(Records from a data collection)
┌────────

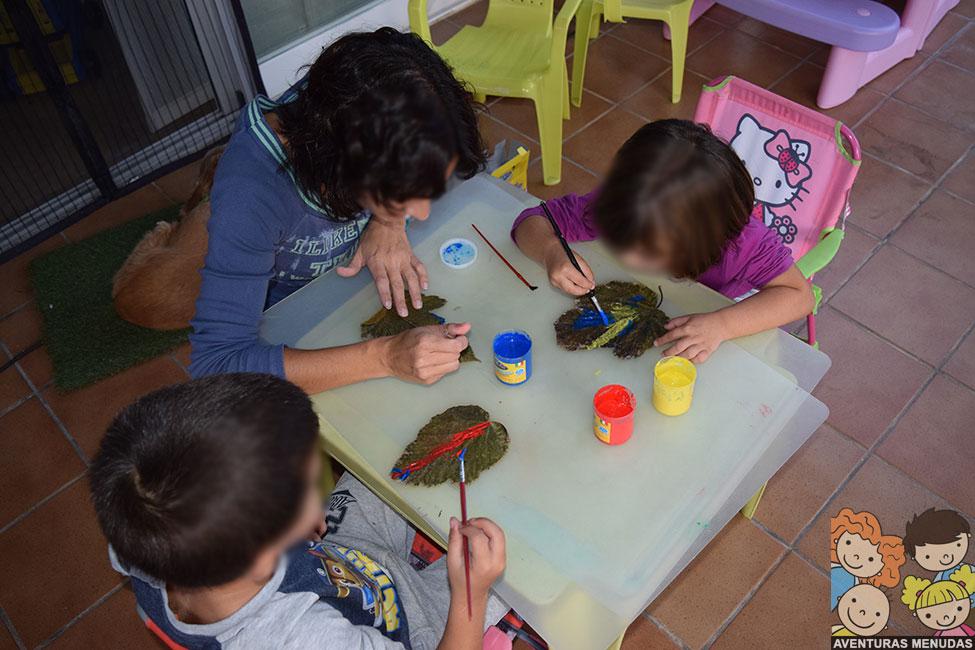 Un pincel (o incluso las plumas de antes), temperas de colores y las hojas secas y prensadas son geniales para que los peques dejen libre su imaginación y pinten a gusto.
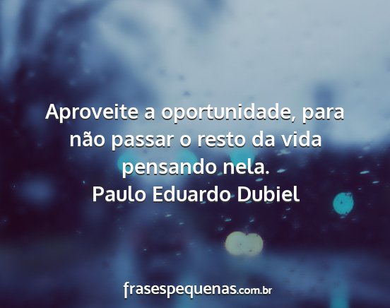 Aproveite a oportunidade, para não passar o resto da vida pensando nela.
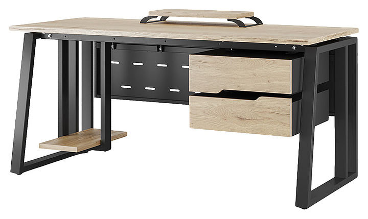 Офисный стол Кобор TS2-100/70 black/natural используется в офисных помещениях и кабинетах руководителей. Модель оснащена усиленными вертикальными балками опорами в форме наклонной трапеции. Каркас выполнен из металла, выкрашенного в цвет черный муар (RAL9005), столешница – из ламинированной древесно-стружечной плиты (ЛДСП) цвета натуральный дуб (H1180 ST37). Опции (заказываются отдельно):
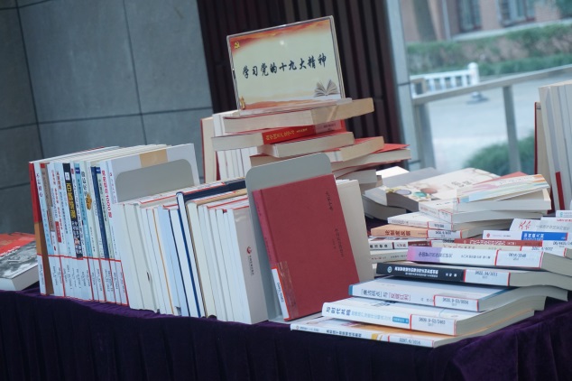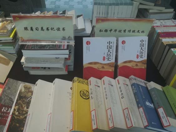 本次书展围绕学习宣传贯彻党的十九大精神、跟着习近平总书记读书、弘扬中华优秀传统文化、青春飞扬等模块展出相关书籍,主要包括《建党伟业》《改革中国》《全面从严治党的制度保障》《中国文化史》《习近平总书记系列讲话精神学习读本》等,引导师生了解中国发展的伟大历程,缅怀革命先烈,传承红色思想,展望大国未来,践行历史使命。
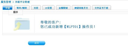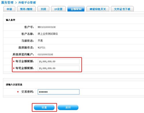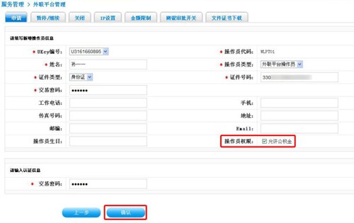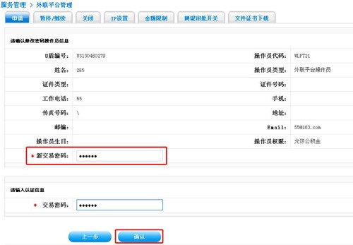 1、宁波住房公积金软件 2、企业客户E路护航网银安全组件 3、20140704网上业务年审程序更新(具体操作方法:年审程序的安装请点击>>>) 新客户从第一大点开始操作,原先使用过的老客户从第三大点(本地“外联平台配置”)开始操作 一、登录建行企业网上银行 ![]() 第一步:先将标示为“主管”的网银盾接入电脑USB口,在IE地址栏输入https://b2b.ccb.com (注意: 录入网址时https 不可录入为 http)。 第二步:选择“主管”网银盾对应的证书号,点击“确认” ![]() 第三步:系统会弹出“验证USB KEY口令”,输入网银盾口令,如下图。 ![]() 点击“确认”,进入登录界面。 第四步:登录页面如下图,输入主管登录密码。 ![]() “客户识别号”和“操作员代码”(主管操作员代码为999999)为系统反显,只需输入“登录密码”。主管初始登录密码为999999,点击“登录”进入页面如下: ![]() 点击“进入操作页面”,进入企业网银操作页面。 二、外联平台操作员设置 第一步:点击“全部功能”展开菜单,点击“服务管理—外联平台管理”进入外联平台设置界面。 ![]() 第二步:点击“新增”按钮,进入操作员信息录入界面,如下图。打“*”为必填信息,其中,需注意勾选操作员权限“允许住房公积金业务”。请牢记此处设置的交易密码,此“密码”即为桌面“外联平台配置”时需填写的操作员密码,也是“公积金网上业务”登陆时的交易密码,交易密码必须是6位数字字符。Ukey编号为操作员u-key背后的号码,请核对;操作员代码自动生成,第一次为WLPT01,字母大写;姓名为操作员的姓名,5个汉字以内。确认之前必须输入主管的交易密码,也是999999。 ![]() 点击“确定”后页面提示已成功新增操作员,点击“返回”。 ![]() 第三步:如下图所示,点击“账户权限”对点选的操作员进行公积金权限设置。 ![]() 全选公积金操作后,点击“确认”。 ![]() 第四步:点击“服务管理-外联平台管理-金额限制”,点选账户后点击“确定”。目前未开通资金交易,此步骤可以不做操作。 ![]() 填写金额限额,因住房公积金业务不涉及银行转账,金额限制可任意,但日金额限制必须不小于每笔金额限制。 ![]() 第五步:密码修改 外联操作员增设时,已设置初始交易密码,需要更改时,点击“密码维护”即可修改操作员交易密码。注意修改完密码后,需重新点击桌面的“外联平台配置”,并把密码设置成修改后的“交易密码”。 ![]() ![]() 以上便是公积金网上申报系统的外联平台操作员在企业网银上的全部设置流程。 三、本地“外联平台配置” 点击桌面快捷键“外联平台配置”,运行如下图: 客户号:地区代码(宁波-NB,北仑-BL,慈溪-CX,奉化-FH)加上公积金单位账号; 操作员号:WLPT01;以上字母必须大写。 密码:在企业网银上新增操作员时设置的交易密码(6位数字); 端口号:介于1026与65535之间的整数,或者向网管申请。点击“确定”后关闭。 新一代客户:“打勾” ![]() 四、日常业务办理 插入操作员u-key,点击桌面“外联平台”,输入u-key口令,提示外联平台启动成功后点击“住房公积金网上业务”,输入交易密码登陆系统。 |
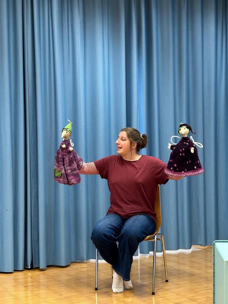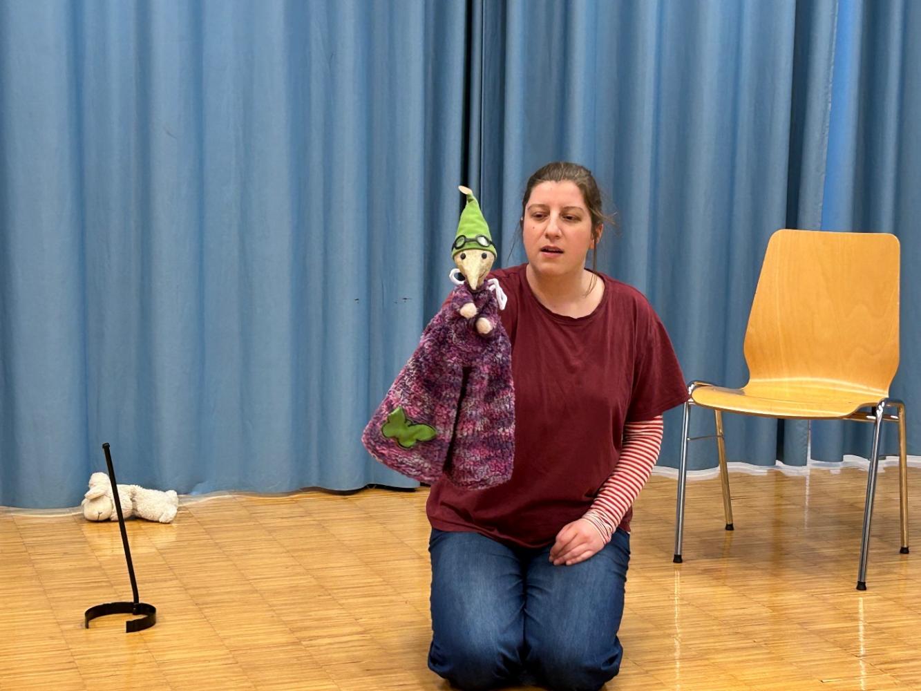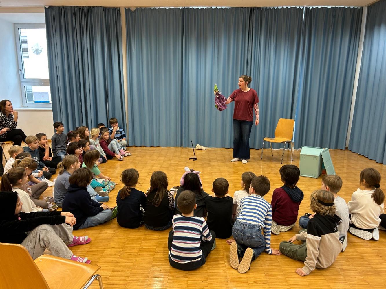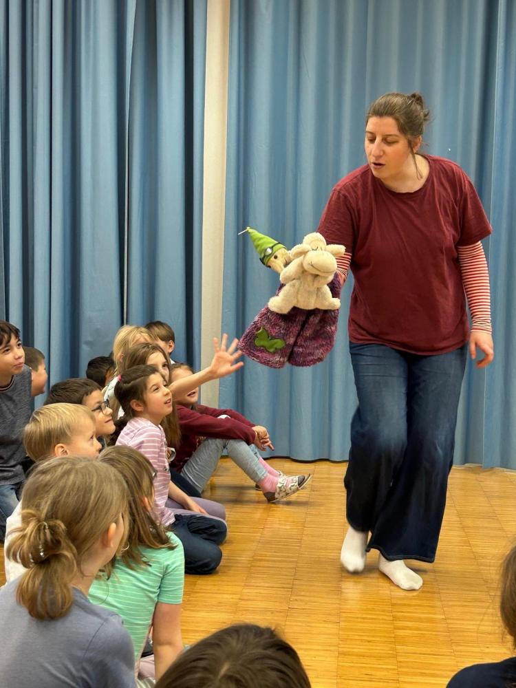 Die Schauspielerin und Theaterpädagogin Michaela Tusch spielte für die Klassen 2a und 2c das Puppentheaterstück „Ein käferkleines Stück vom Glück“. Das Stück ist angelehnt an die Geschichten von Cornelia Funke.
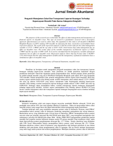 Nurhafizah, Nurhafizah and Siti, Asiam (2021) Pengaruh manajemen zakat dan transparansi laporan keuangan terhadap kepercayaan muzakki pada BAZNAS Kabupaten Bengkalis. Akuntansi'45: Jurnal Ilmiah Akuntansi, 2 (2): 11. pp. 128-140. ISSN 2828-7215
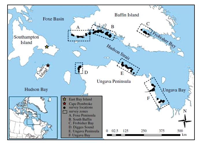 Figure 1. From Iverson et al. 2014 (their Fig.1), “map of the study area.” Most of the study sites are within the Foxe Basin polar bear subpopulation region (see Fig. 2 below), although the Ungava Peninsula (E), Ungava Bay (F) and Frobisher Bay (C) sites are in the Davis Strait subpopulation.
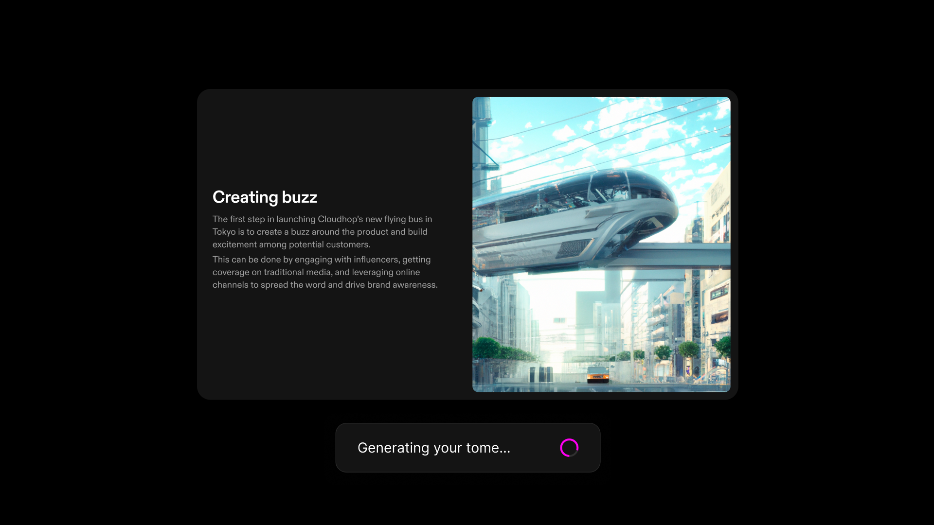 Use the power of AI to create entire stories and presentations from scratch, or add new pages to an existing tome. These new features are now in beta for everyone.
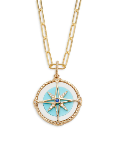 Women's 14k Yellow Gold, Turquoise, White Agate, Sapphire & Diamond Pendant Necklace

└────────

Task
Print the data above exactly, minus pictures.

Response to this exercise
 Un pincel (o incluso las plumas de antes), temperas de colores y las hojas secas y prensadas son geniales para que los peques dejen libre su imaginación y pinten a gusto.
 Aproveite a oportunidade, para não passar o resto da vida pensando nela.
 Офисный стол Кобор TS2-100/70 black/natural используется в офисных помещениях и кабинетах руководителей. Модель оснащена усиленными вертикальными балками опорами в форме наклонной трапеции. Каркас выполнен из металла, выкрашенного в цвет черный муар (RAL9005), столешница – из ламинированной древесно-стружечной плиты (ЛДСП) цвета натуральный дуб (H1180 ST37). Опции (заказываются отдельно):
 本次书展围绕学习宣传贯彻党的十九大精神、跟着习近平总书记读书、弘扬中华优秀传统文化、青春飞扬等模块展出相关书籍,主要包括《建党伟业》《改革中国》《全面从严治党的制度保障》《中国文化史》《习近平总书记系列讲话精神学习读本》等,引导师生了解中国发展的伟大历程,缅怀革命先烈,传承红色思想,展望大国未来,践行历史使命。
 1、宁波住房公积金软件 2、企业客户E路护航网银安全组件 3、20140704网上业务年审程序更新(具体操作方法:年审程序的安装请点击>>>) 新客户从第一大点开始操作,原先使用过的老客户从第三大点(本地“外联平台配置”)开始操作 一、登录建行企业网上银行 ![]() 第一步:先将标示为“主管”的网银盾接入电脑USB口,在IE地址栏输入https://b2b.ccb.com (注意: 录入网址时https 不可录入为 http)。 第二步:选择“主管”网银盾对应的证书号,点击“确认” ![]() 第三步:系统会弹出“验证USB KEY口令”,输入网银盾口令,如下图。 ![]() 点击“确认”,进入登录界面。 第四步:登录页面如下图,输入主管登录密码。 ![]() “客户识别号”和“操作员代码”(主管操作员代码为999999)为系统反显,只需输入“登录密码”。主管初始登录密码为999999,点击“登录”进入页面如下: ![]() 点击“进入操作页面”,进入企业网银操作页面。 二、外联平台操作员设置 第一步:点击“全部功能”展开菜单,点击“服务管理—外联平台管理”进入外联平台设置界面。 ![]() 第二步:点击“新增”按钮,进入操作员信息录入界面,如下图。打“*”为必填信息,其中,需注意勾选操作员权限“允许住房公积金业务”。请牢记此处设置的交易密码,此“密码”即为桌面“外联平台配置”时需填写的操作员密码,也是“公积金网上业务”登陆时的交易密码,交易密码必须是6位数字字符。Ukey编号为操作员u-key背后的号码,请核对;操作员代码自动生成,第一次为WLPT01,字母大写;姓名为操作员的姓名,5个汉字以内。确认之前必须输入主管的交易密码,也是999999。 ![]() 点击“确定”后页面提示已成功新增操作员,点击“返回”。 ![]() 第三步:如下图所示,点击“账户权限”对点选的操作员进行公积金权限设置。 ![]() 全选公积金操作后,点击“确认”。 ![]() 第四步:点击“服务管理-外联平台管理-金额限制”,点选账户后点击“确定”。目前未开通资金交易,此步骤可以不做操作。 ![]() 填写金额限额,因住房公积金业务不涉及银行转账,金额限制可任意,但日金额限制必须不小于每笔金额限制。 ![]() 第五步:密码修改 外联操作员增设时,已设置初始交易密码,需要更改时,点击“密码维护”即可修改操作员交易密码。注意修改完密码后,需重新点击桌面的“外联平台配置”,并把密码设置成修改后的“交易密码”。 ![]() ![]() 以上便是公积金网上申报系统的外联平台操作员在企业网银上的全部设置流程。 三、本地“外联平台配置” 点击桌面快捷键“外联平台配置”,运行如下图: 客户号:地区代码(宁波-NB,北仑-BL,慈溪-CX,奉化-FH)加上公积金单位账号; 操作员号:WLPT01;以上字母必须大写。 密码:在企业网银上新增操作员时设置的交易密码(6位数字); 端口号:介于1026与65535之间的整数,或者向网管申请。点击“确定”后关闭。 新一代客户:“打勾” ![]() 四、日常业务办理 插入操作员u-key,点击桌面“外联平台”,输入u-key口令,提示外联平台启动成功后点击“住房公积金网上业务”,输入交易密码登陆系统。 |
 Die Schauspielerin und Theaterpädagogin Michaela Tusch spielte für die Klassen 2a und 2c das Puppentheaterstück „Ein käferkleines Stück vom Glück“. Das Stück ist angelehnt an die Geschichten von Cornelia Funke.
 Nurhafizah, Nurhafizah and Siti, Asiam (2021) Pengaruh manajemen zakat dan transparansi laporan keuangan terhadap kepercayaan muzakki pada BAZNAS Kabupaten Bengkalis. Akuntansi'45: Jurnal Ilmiah Akuntansi, 2 (2): 11. pp. 128-140. ISSN 2828-7215
 Figure 1. From Iverson et al. 2014 (their Fig.1), “map of the study area.” Most of the study sites are within the Foxe Basin polar bear subpopulation region (see Fig. 2 below), although the Ungava Peninsula (E), Ungava Bay (F) and Frobisher Bay (C) sites are in the Davis Strait subpopulation.
 Use the power of AI to create entire stories and presentations from scratch, or add new pages to an existing tome. These new features are now in beta for everyone.
 Women's 14k Yellow Gold, Turquoise, White Agate, Sapphire & Diamond Pendant Necklace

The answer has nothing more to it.